The Sussexes are running, too, bless them, but running away. They’re running away from the world of royal privilege and responsibility, trying desperately to escape the fate of generations of Windsors who have suffered betrayal, divorce, frustration, alienation, and many other varieties of royal misery both public and private.
Bible readers look at these latter-day gods, with all their beauty and power and infighting and posturing and betrayal and grief – and our minds go to one of our own heroes, the Apostle Paul. Two thousand years ago, he writes from a miserable Roman prison cell to a group of Christian friends far away, and he says something astounding: “I have learned to be content with whatever I have. I know what it is to have little, and I know what it is to have plenty. In any and all circumstances I have learned the secret of being well-fed and of going hungry, of having plenty and of being in need” (Philippians 4:11-12).

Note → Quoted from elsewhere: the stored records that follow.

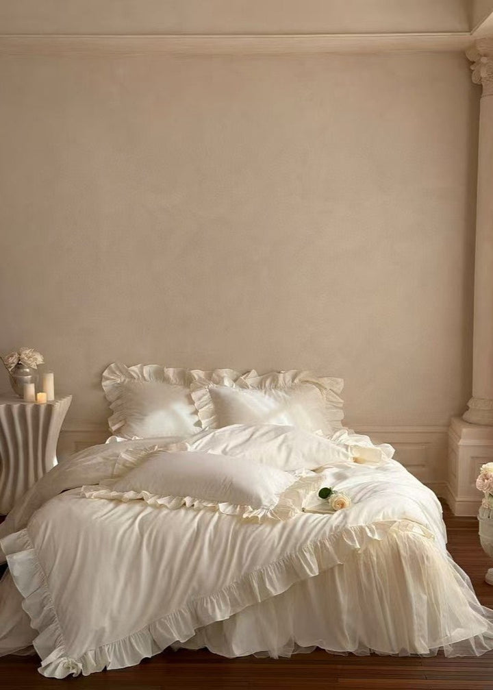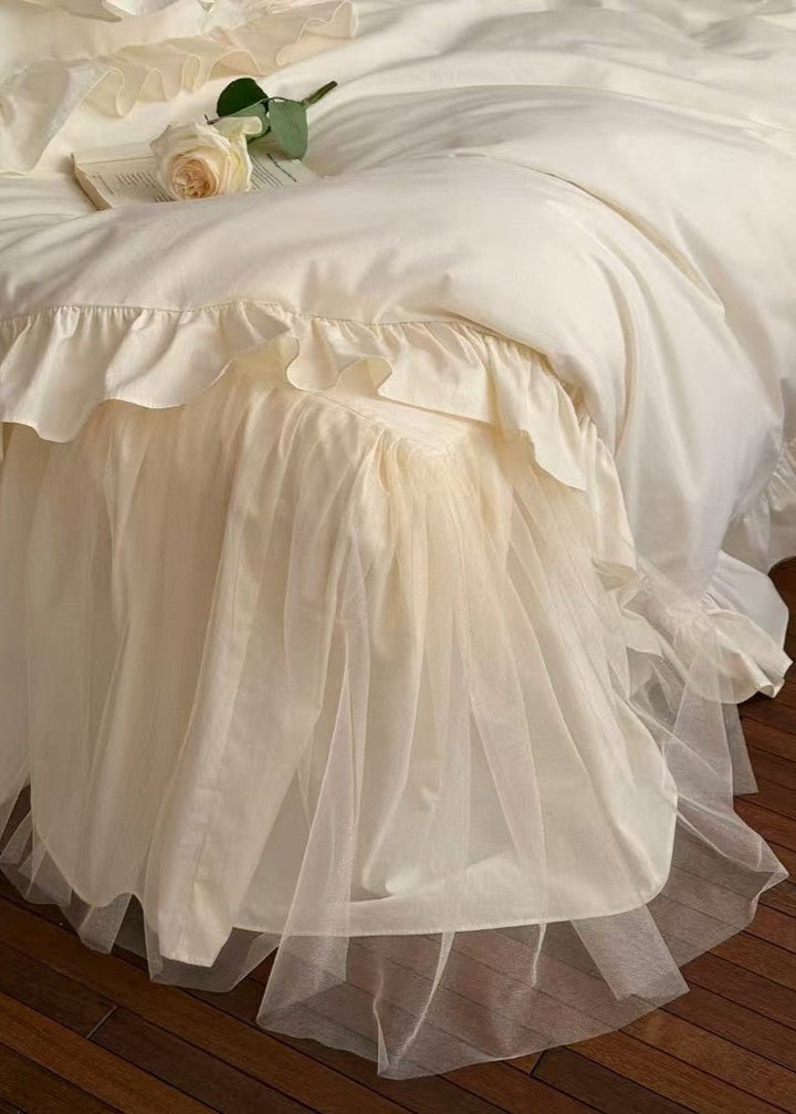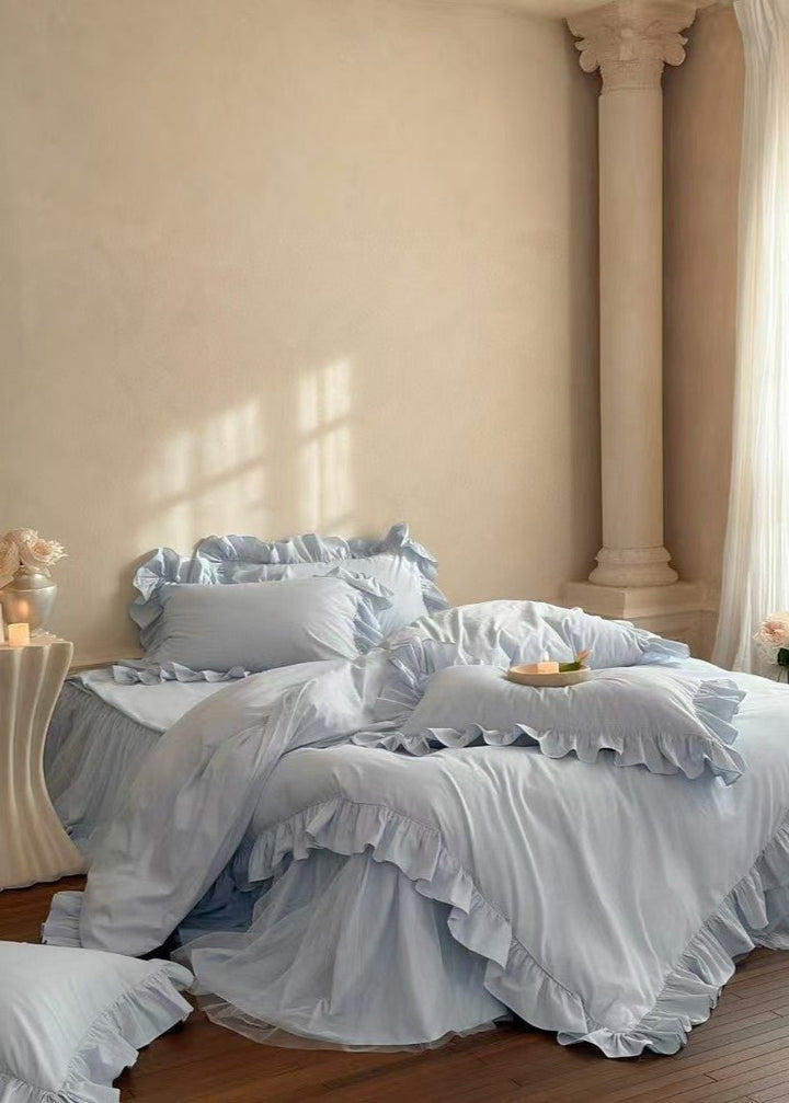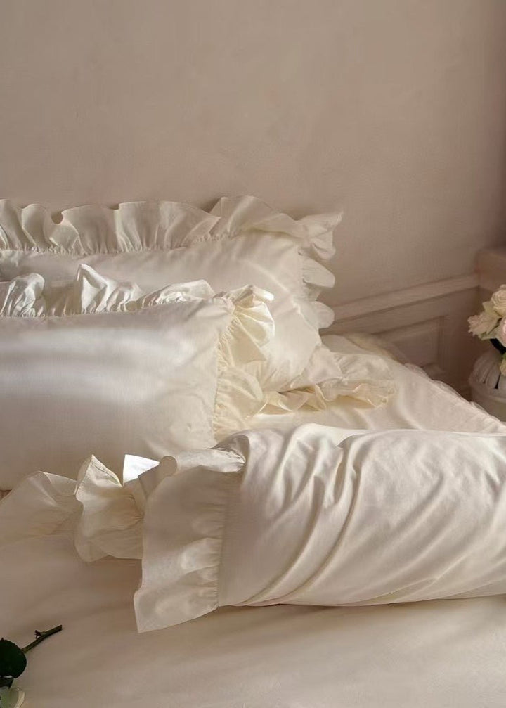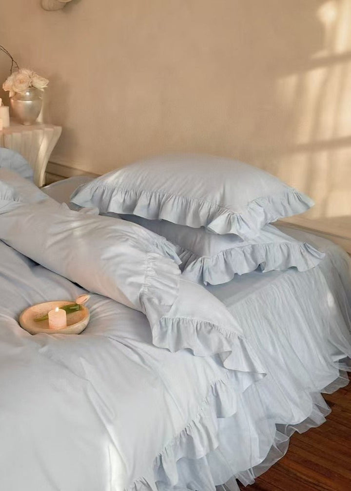 Lacey Lace Ruffle Washed Cotton Bedding Set is now offered in a bundle, and all bundle sets come with a pre-included 10% to 20% discount! Enjoy savings on a complete set, including a duvet insert and pillow(s), along with our classic duvet cover, bed sheet, and pillowcase(s).
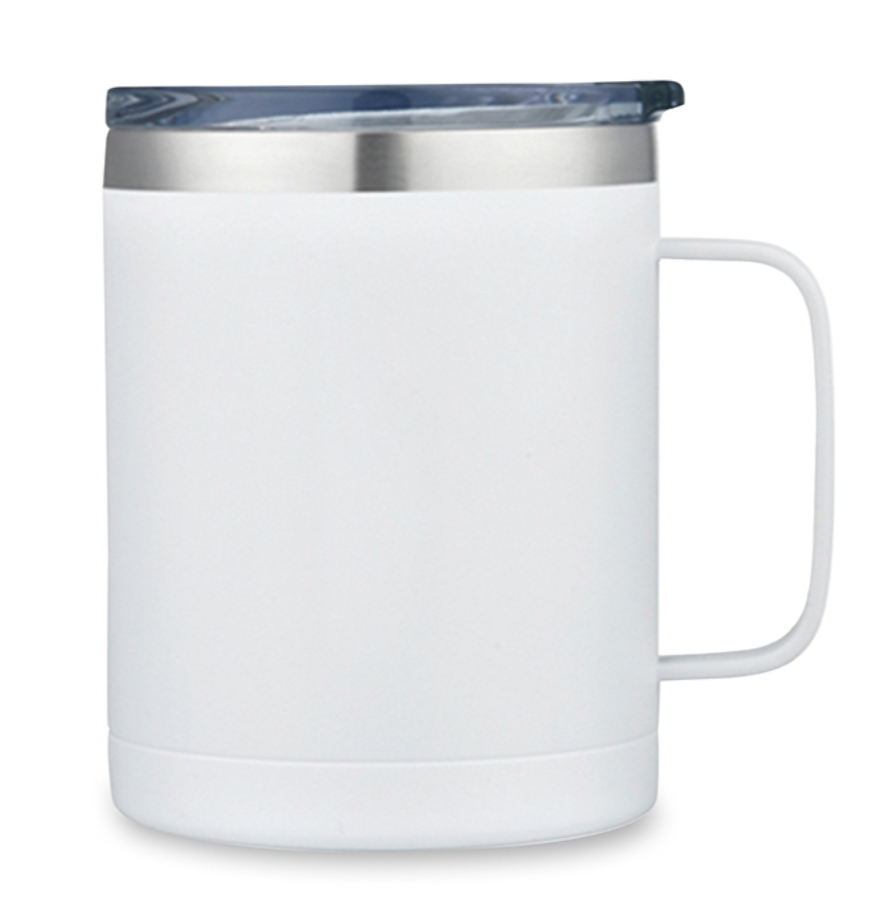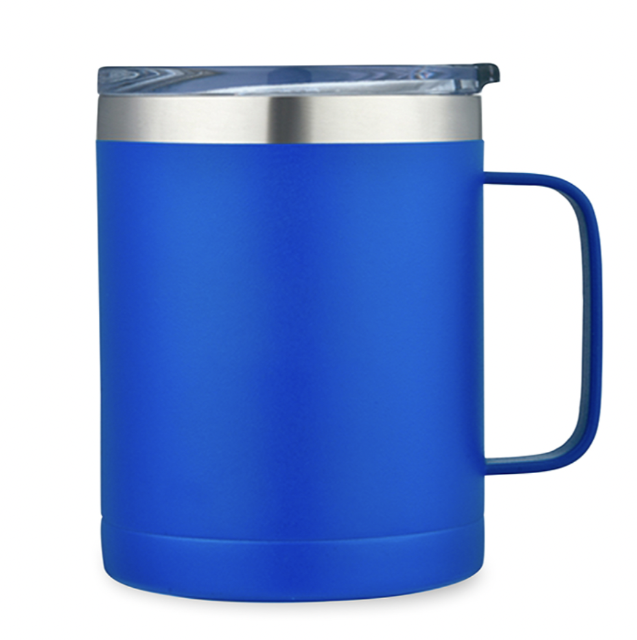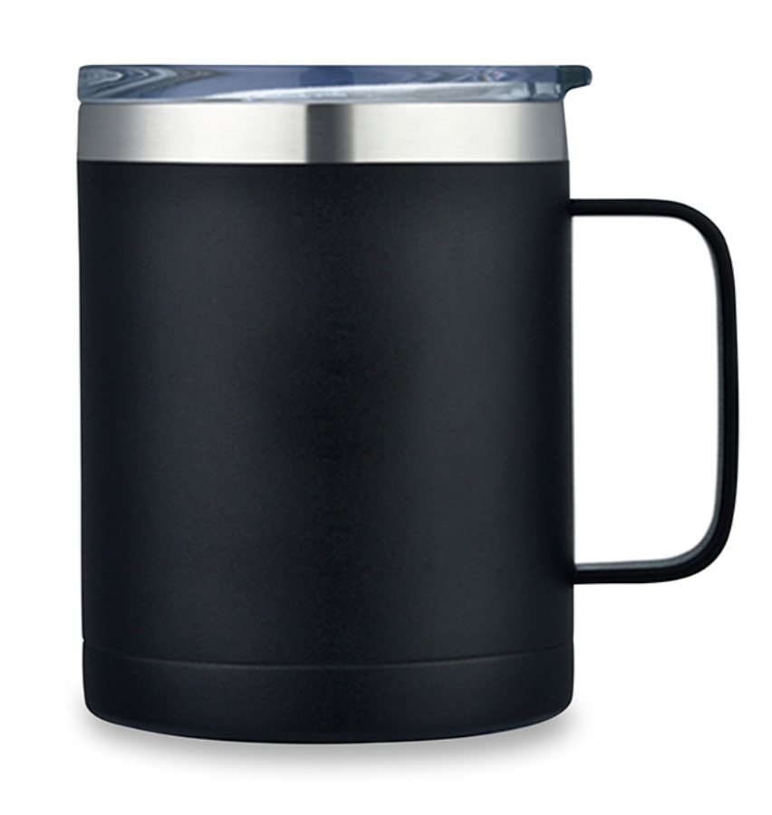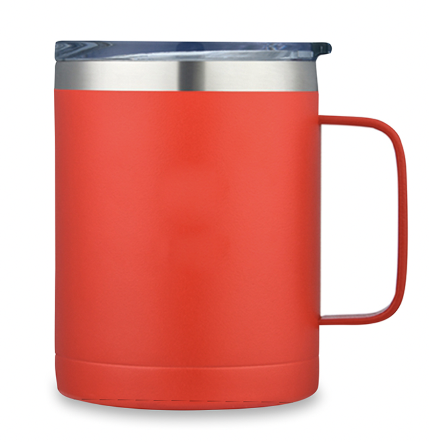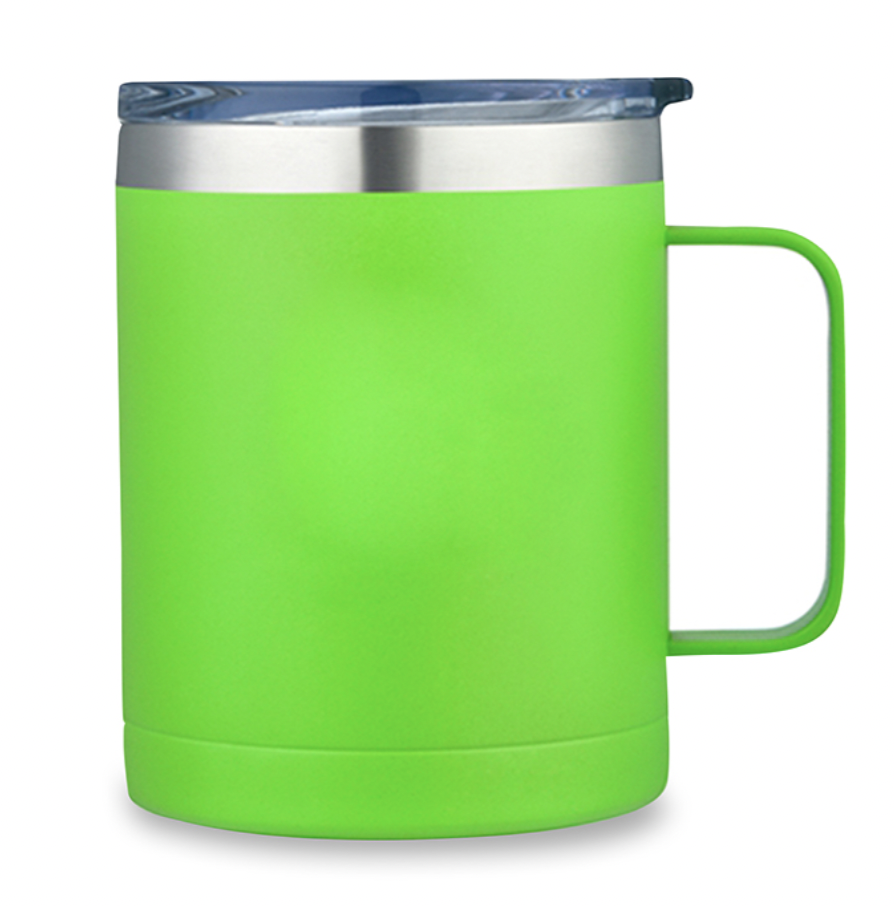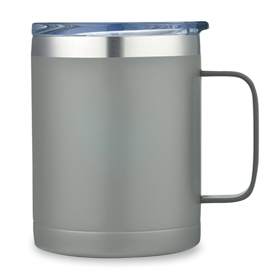 14oz. Stainless Steel Travel Mug. Powder coated body with AS open lid. 18/8 Stainless Steel liner with copper coated vacuum insulation. Keeps cold liquids cool up to 12 hours and hot liquids warm up to 8 hours.
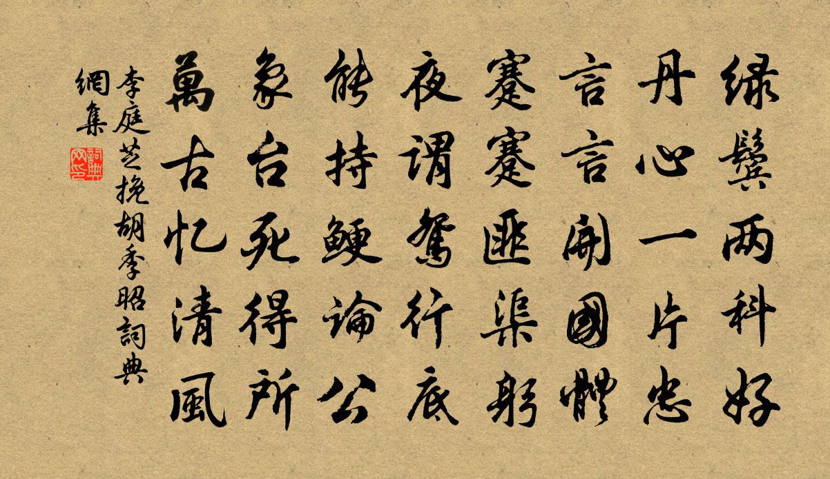 詩詞名句歷史字典書法欣賞書法字典國語詞典說文解字康熙字典古漢語字典標 題 作 者 詩 句 挽胡季昭作者:李庭芝 朝代:宋代挽胡季昭原文綠鬢兩科好,丹心一片忠。言言開國體,蹇蹇匪渠躬。夜謂鴛行底,能持鯁論1/1公。象台死得所,萬古憶清風。詩詞問答問:挽胡季昭的作者是誰?答:李庭芝問:挽胡季昭寫於哪個朝代?答:宋代李庭芝挽胡季昭書法欣賞挽胡季昭書法作品詩詞推薦青紫峰亭錢益〔宋代〕壯歲事遠遊,衰齡守鄉井。閒看舊遊地,偶陟黃旗嶺。因登青紫峰,雙目肆遐騁。孤亭倚山巔,當午風日冷。憑欄東平夫人挽章秦觀〔宋代〕相閥風流監,王家地勢雄。室中蘭作佩,庭下玉成叢。啼鳥悲春檻,荒原入夜宮。遺芳得鴻筆,論次詔無窮。感春三首張耒〔宋代〕我昨西來到昌谷,主人致酒留我宿。坐中少年美如玉,高歌清歡春夜促。還家病酒對殘春,東風落花吹滿屋。出無初夏雜詠陸游〔宋代〕昔日江湖上,飄然無定居。頻傾京口酒,亦食武昌魚。北首心空壯,東歸憤不攄。豈知牙齒落,送老一茆廬。感皇恩(駕霄亭觀月)張鎡〔宋代〕詩眼看青天,幾多虛曠。雨過涼生氣蕭爽。白雲無定,吹散作、鱗鱗瓊浪。尚餘星數點,浮空上。明月飛來,寒光蝶戀花 昔鹿庵 軒,樂育淇上,一時秀造,王惲〔元代〕賓王校本改)中元已來,例宦遊四方。仆二十年間,三至鄉里,慨然有離索之嘆。今歲投紱自濟南來歸,而諸公頗論語弟子入則孝章陳普〔宋代〕孝弟謹信泛愛眾,親仁猶未是全功。聖賢成法事物理,都在詩書六藝中。沁園春佚名〔宋代〕凝眸。悔上層樓。便惹起新愁與舊愁。寄田舍人王禹偁〔宋代〕山處升沉不足悲,羨君操履是男兒。左遷郡印辭綸閣,直諫書囊在殿帷。未有僉諧徵賈誼,可無章疏雪微之。朝行吳李堅甫中舍文同〔宋代〕往年曾憶過長安,短紙書名詣門下。君時延我坐終日,灑掃東軒留看畫。橫圖巨軸不知數,但見匣中時一把。甲猶題泰州司理廨舍小亭趙蕃〔宋代〕鑿去為亭因得池,面池老柳蔽仍虧。客來不用勤修供,乞與繩床令賦詩。新歲七十以人生七十古來稀為韻寄錢大參七首曹勛〔宋代〕一二三四五六七,行年臨之如電疾。只將香火對清閒,古井無波應委悉。題陸羽祠堂兼寄李援援有詩殊佳二首張耒〔宋代〕陸子不可招,寥寥風月魂。空堂掩遺像,幸此配老禪。舉世人澆薄,雲誰知子賢。竟陵樵牧地,陳跡豈復存。我欲歲暮言懷呈諸友王令〔宋代〕萬事無成只一吁,窮年況復嘆窮途。功名未立頭先白,貧病相仍氣尚粗。富貴早知皆有命,窮通料是不由吾。會須秋日登岳陽樓晴望張碧〔唐代〕三秋倚練飛金盞,洞庭波定平如剗。天高雲卷綠羅低,一點君山礙人眼。漫漫萬頃鋪琉璃,煙波闊遠無鳥飛。西南初見淮山梅堯臣〔宋代〕遊宦久去國,扁舟今始還。朝來汴口望,喜見淮上山。斷嶺碧峰出,平沙白鳥閒。南歸不厭遠,況在水雲間。鎖宿余半月得讀書喜而有賦程公許〔宋代〕馬瘏仆亦倦,得休苦無多。剝啄復剝啄,奈此分陰何。湖上王同祖〔宋代〕偶出城來日未西,百花叢底草萋萋。遊人過盡歸來晚,行過蘇公十里堤。送雪峰化主釋道生〔宋代〕三毬輥動錯流傳,大用何曾得現前。千五百僧無頓放,累人走得腳皮穿。偈頌一百零二首釋紹曇〔宋代〕小小青山,叢叢翠竹。野景無多,怡然縱目。明覺老人,向獨脫無依處。閒坐解疏慵,為靜勝所縛。拄杖子,一夏名句推薦百年成之不足,一旦壞之有餘。佚名《增廣賢文·上集》 中歲頗好道,晚家南山陲王維《終南別業》 雪消門外千山綠,花發江邊二月晴。歐陽修《春日西湖寄謝法曹歌》 水軟櫓聲柔,草綠芳洲,碧桃幾樹隱紅樓。左輔《浪淘沙·曹溪驛折桃花一枝數日零落裹花片投之涪江歌此送之》 車遙遙兮馬洋洋,追思君兮不可忘。傅玄《車遙遙篇》 梅花雪,梨花月,總相思。張惠言《相見歡·年年負卻花期》 秋氣堪悲未必然,輕寒正是可人天。楊萬里《秋涼晚步》 清水出芙蓉,天然去雕飾。李白《經亂離後天恩流夜郎憶舊遊書懷贈江夏韋太守良宰》 枝枝相糾結,葉葉競飄揚。李白《古意》 時靸雙鴛響,廊葉秋聲。吳文英《八聲甘州·靈岩陪庾幕諸公游》
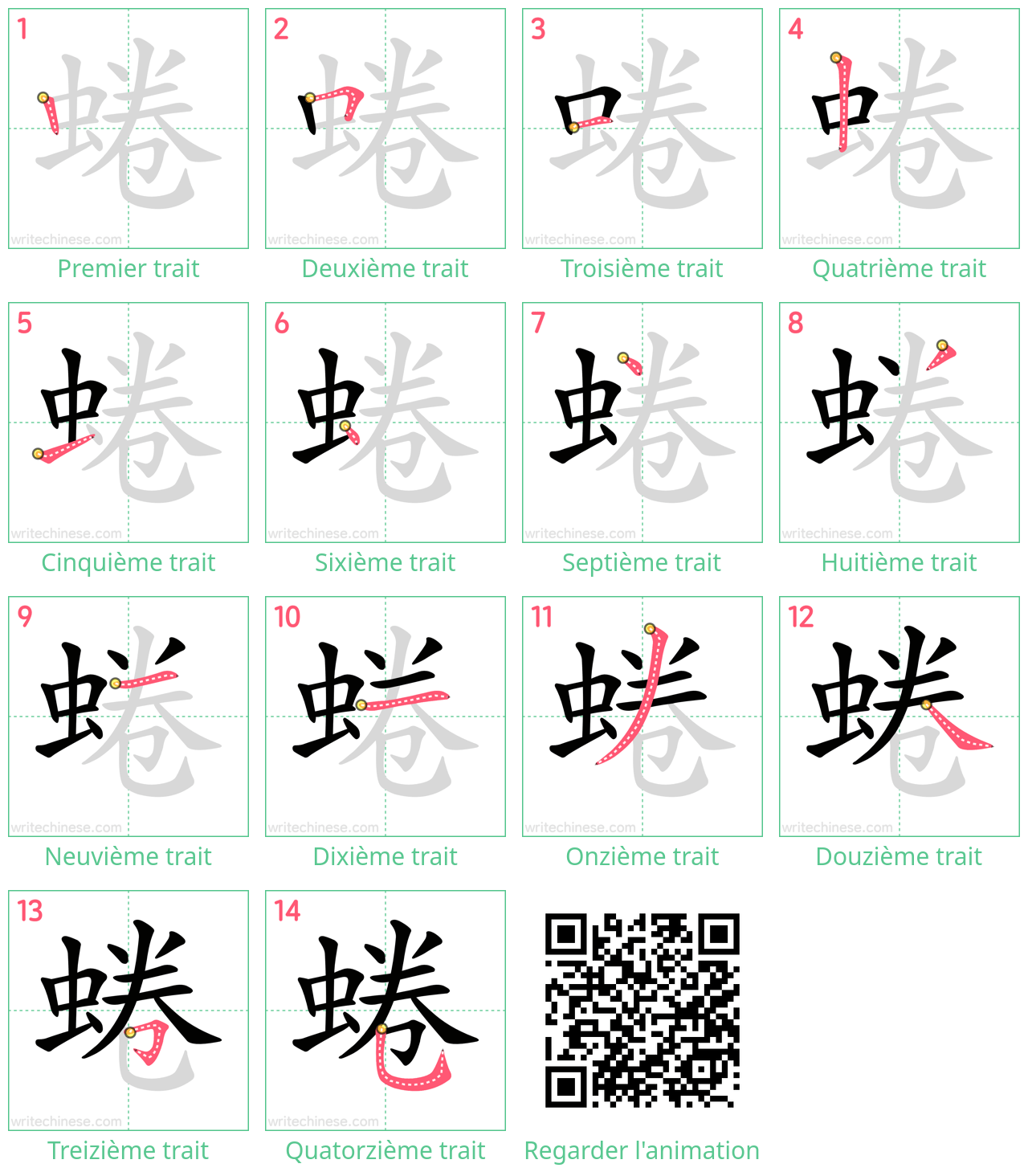 Apprenez à écrire le caractère chinois "蜷" en regardant l'animation de l'ordre des traits de "蜷".
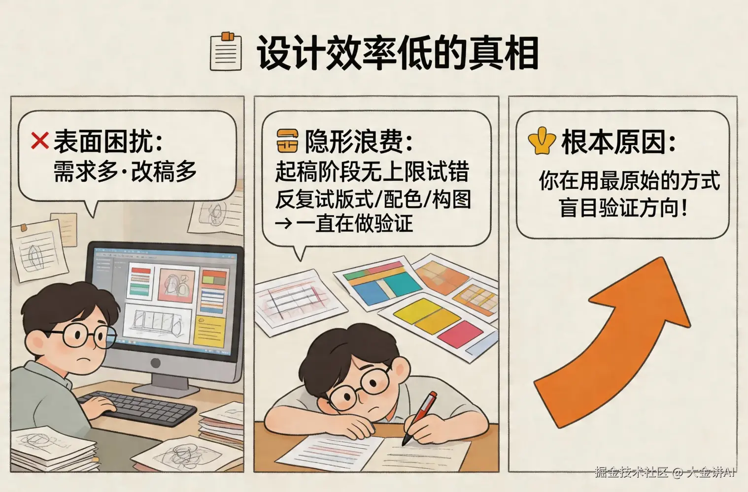 所以设计慢的根本原因,不是你不会做,而是:你每次都在用最原始的方式验证方向。

Paul had experienced privilege and power as a respected rabbi. He now knew persecution and imprisonment as a reviled evangelist. Through the surprising twists and turns of his career, he had somehow learned ‘The Secret’, the great secret that has manifestly eluded the Kardashians, and the Windsors, and all the other coolest kids on the planet.
So what is it? How can we find out? If the people with all the status and money and privilege and influence don’t know how to be content, who does? If they haven’t discovered the secret of the good life, who has? How can they, at last, truly be ... just like us? Are we all doomed never to know Paul’s secret?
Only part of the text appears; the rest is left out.